- [TASK GOAL]: The full set of lines below has to be duplicated exactly, with no picture kept.

- [INFORMATION]:
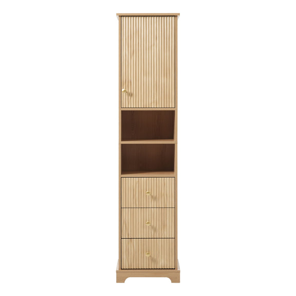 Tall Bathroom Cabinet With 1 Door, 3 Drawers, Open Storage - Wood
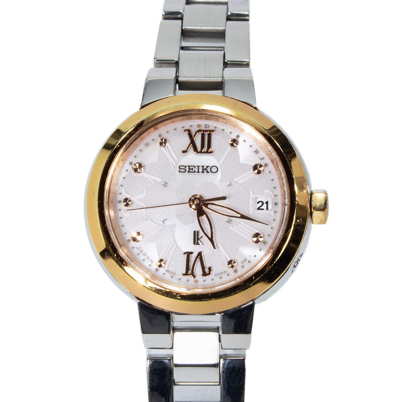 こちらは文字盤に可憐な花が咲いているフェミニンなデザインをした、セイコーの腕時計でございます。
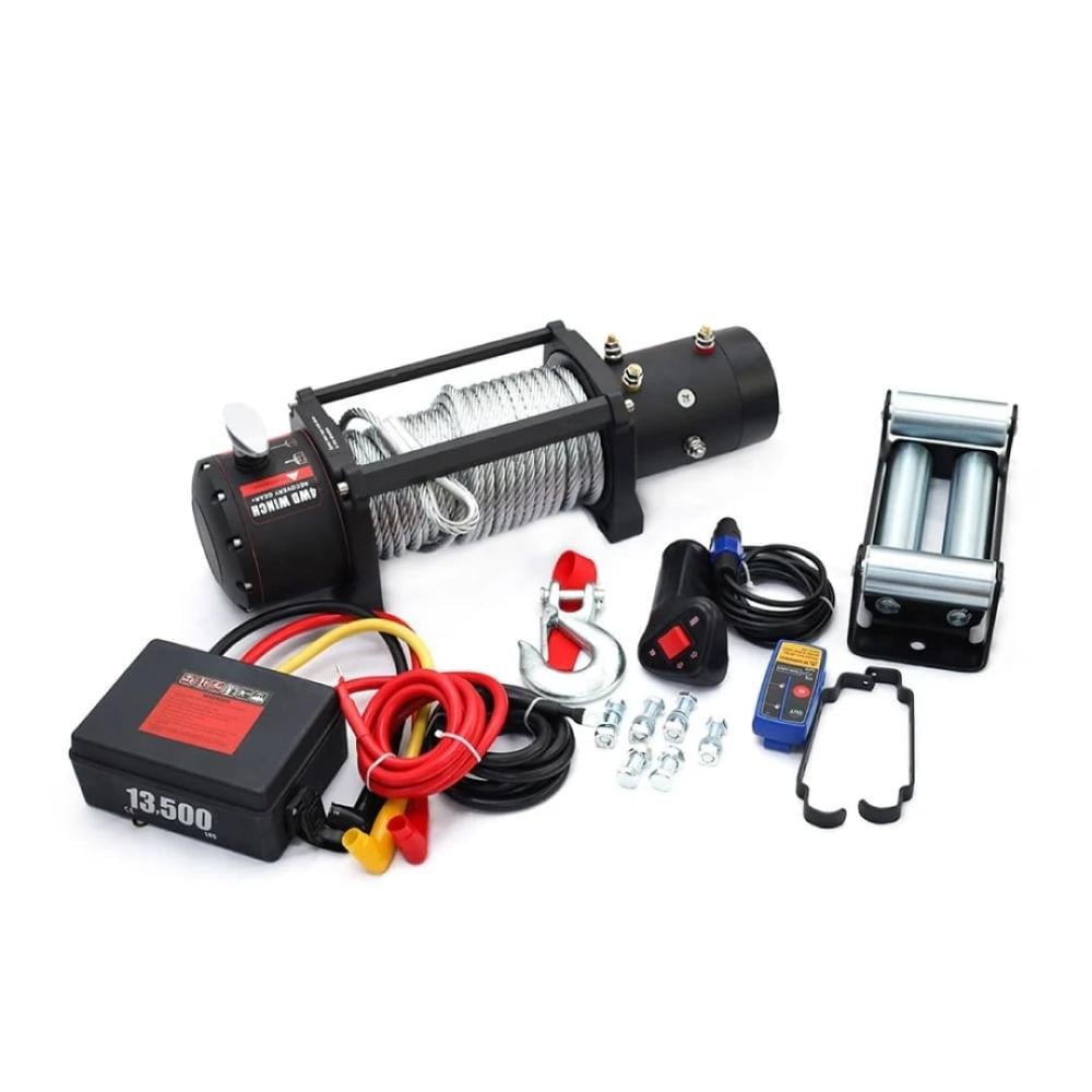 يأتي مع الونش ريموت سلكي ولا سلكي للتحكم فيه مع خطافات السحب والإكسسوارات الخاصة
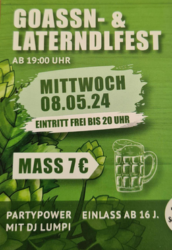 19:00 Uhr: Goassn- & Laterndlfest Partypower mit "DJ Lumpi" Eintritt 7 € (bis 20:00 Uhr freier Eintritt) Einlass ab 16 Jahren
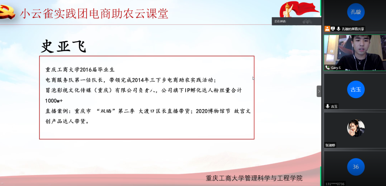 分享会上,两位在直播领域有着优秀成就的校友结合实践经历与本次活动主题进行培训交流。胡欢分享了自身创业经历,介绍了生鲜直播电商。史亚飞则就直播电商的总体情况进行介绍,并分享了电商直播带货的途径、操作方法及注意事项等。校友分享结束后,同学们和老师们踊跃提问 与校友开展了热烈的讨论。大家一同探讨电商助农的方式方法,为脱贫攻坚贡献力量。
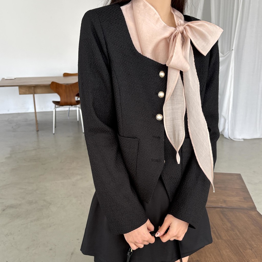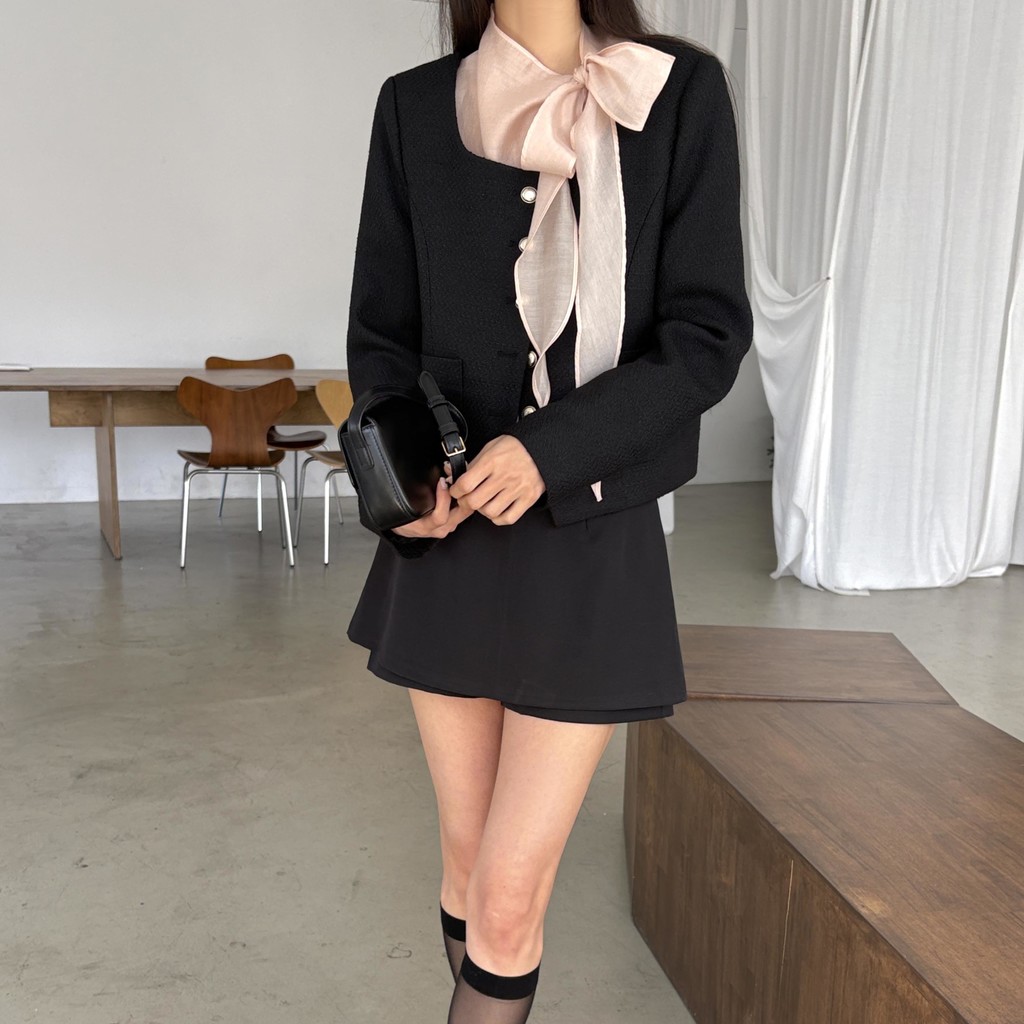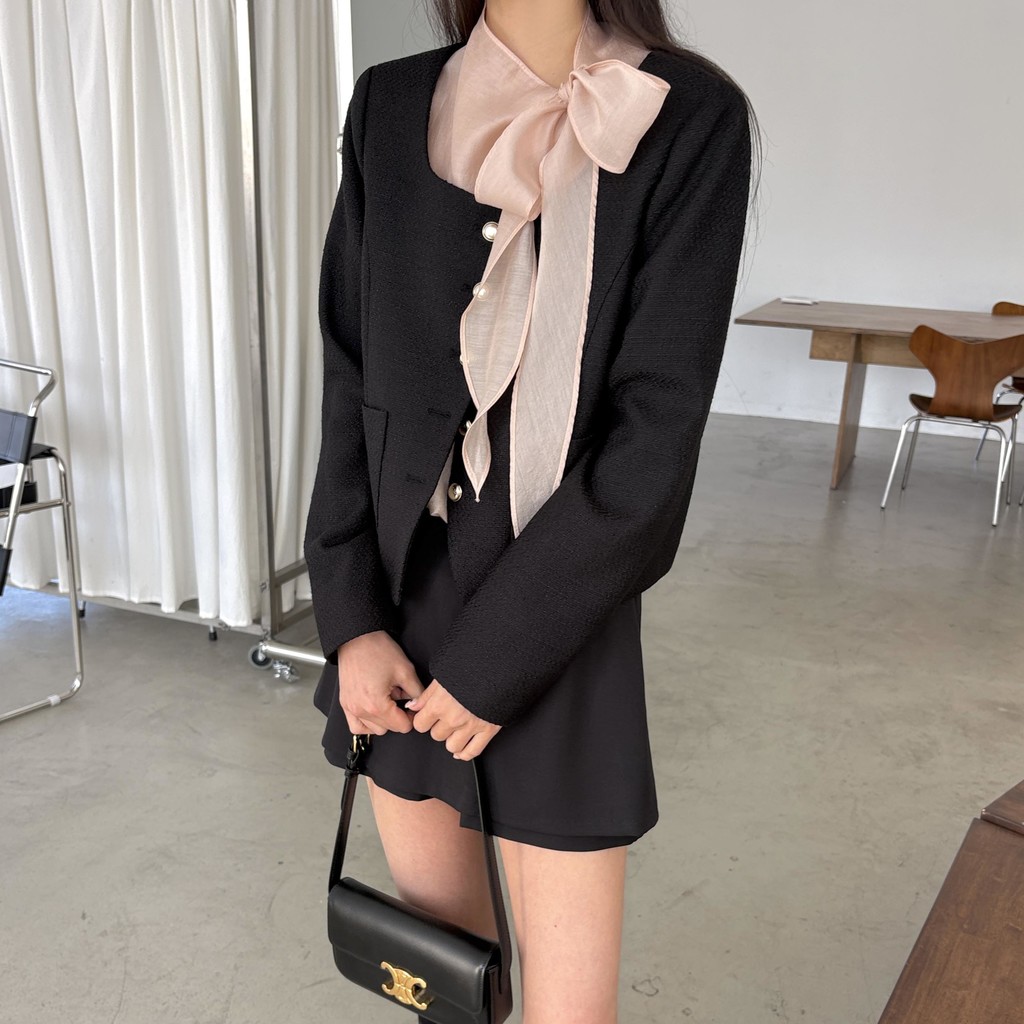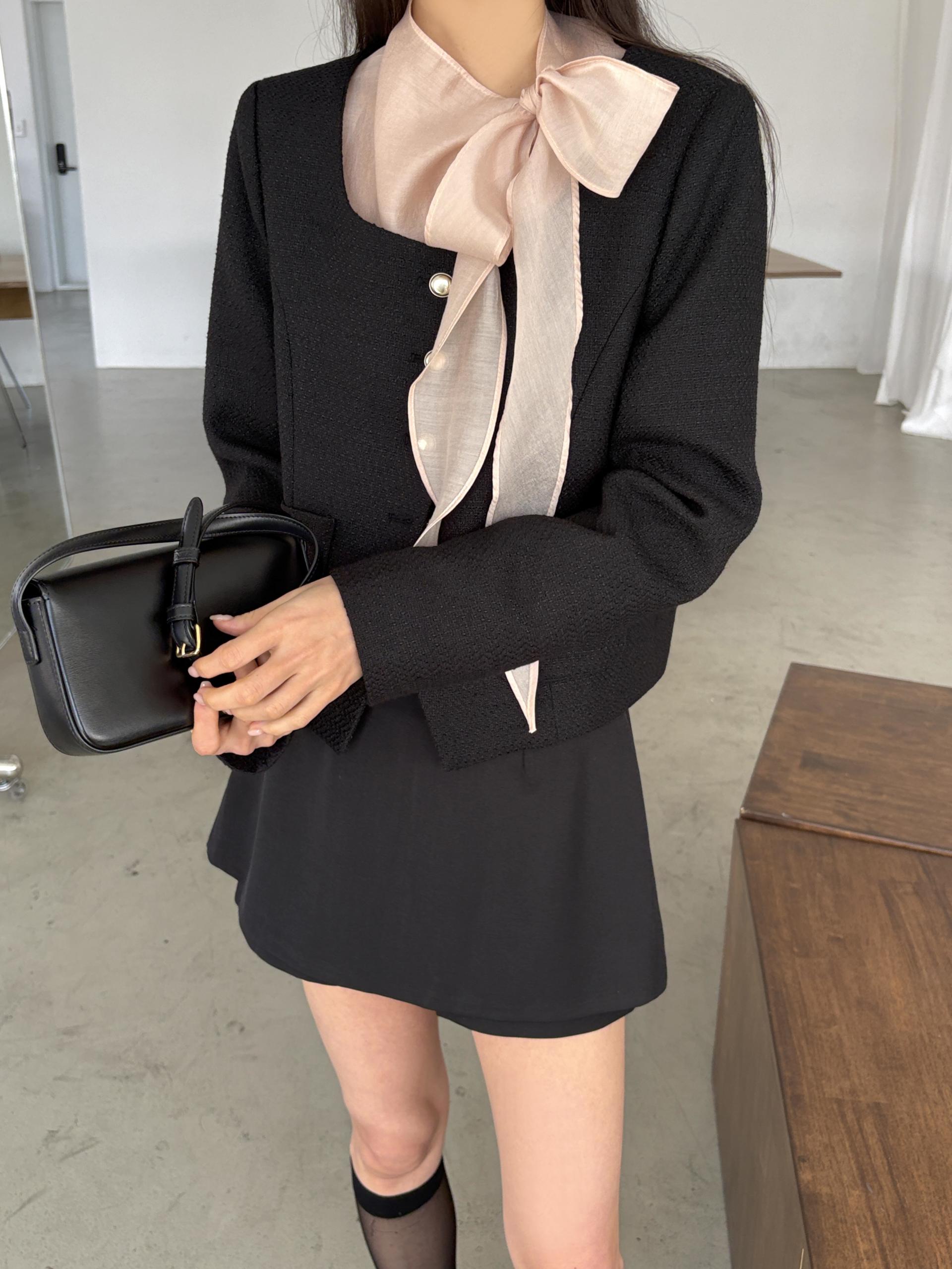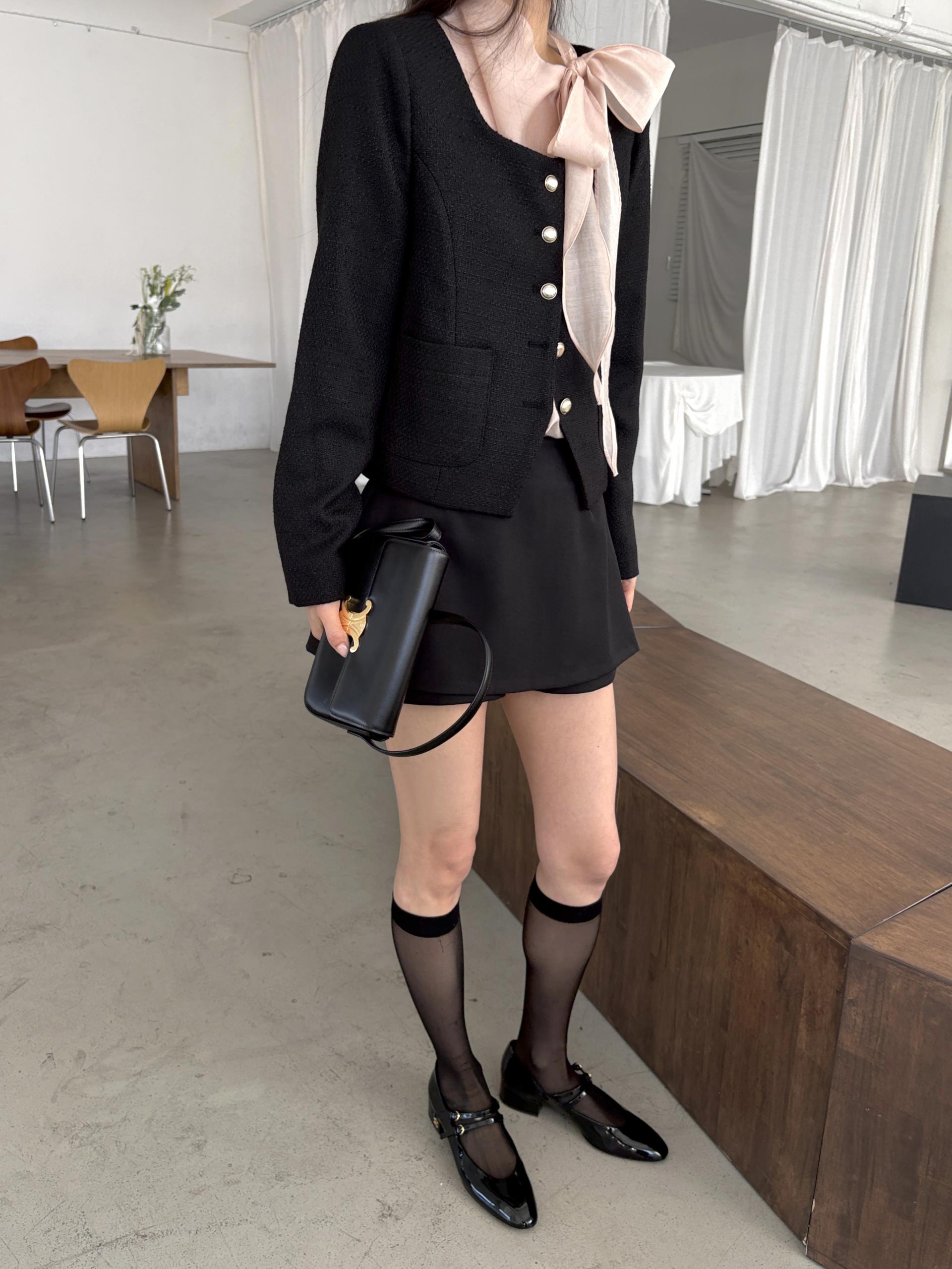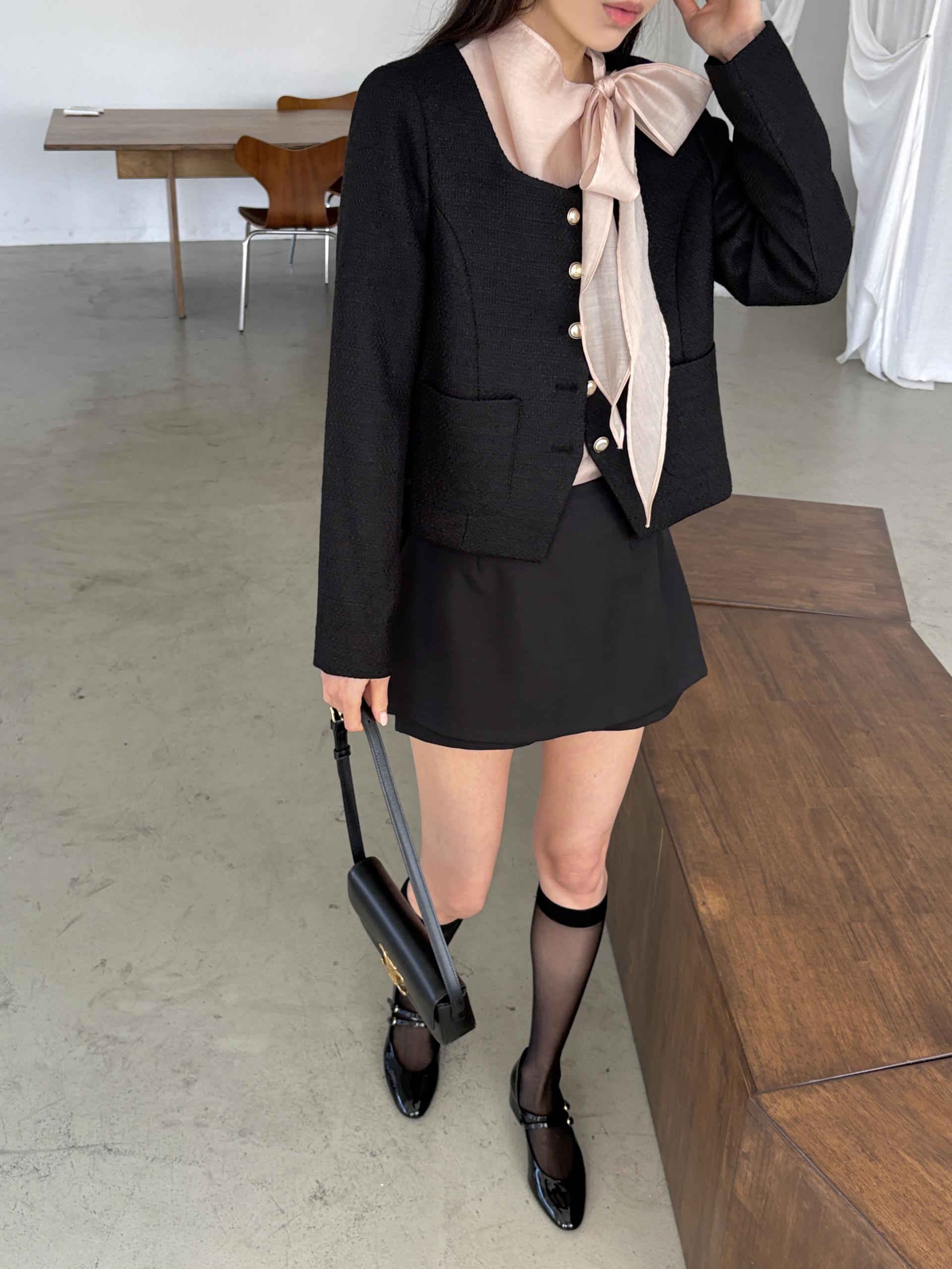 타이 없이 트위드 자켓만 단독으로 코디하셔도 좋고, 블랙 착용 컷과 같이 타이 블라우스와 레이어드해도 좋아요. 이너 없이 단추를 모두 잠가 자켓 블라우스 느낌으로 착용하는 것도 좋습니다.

- [ANSWER SPACE]:
 Tall Bathroom Cabinet With 1 Door, 3 Drawers, Open Storage - Wood
 こちらは文字盤に可憐な花が咲いているフェミニンなデザインをした、セイコーの腕時計でございます。
 يأتي مع الونش ريموت سلكي ولا سلكي للتحكم فيه مع خطافات السحب والإكسسوارات الخاصة
 19:00 Uhr: Goassn- & Laterndlfest Partypower mit "DJ Lumpi" Eintritt 7 € (bis 20:00 Uhr freier Eintritt) Einlass ab 16 Jahren
 分享会上,两位在直播领域有着优秀成就的校友结合实践经历与本次活动主题进行培训交流。胡欢分享了自身创业经历,介绍了生鲜直播电商。史亚飞则就直播电商的总体情况进行介绍,并分享了电商直播带货的途径、操作方法及注意事项等。校友分享结束后,同学们和老师们踊跃提问 与校友开展了热烈的讨论。大家一同探讨电商助农的方式方法,为脱贫攻坚贡献力量。
 타이 없이 트위드 자켓만 단독으로 코디하셔도 좋고, 블랙 착용 컷과 같이 타이 블라우스와 레이어드해도 좋아요. 이너 없이 단추를 모두 잠가 자켓 블라우스 느낌으로 착용하는 것도 좋습니다.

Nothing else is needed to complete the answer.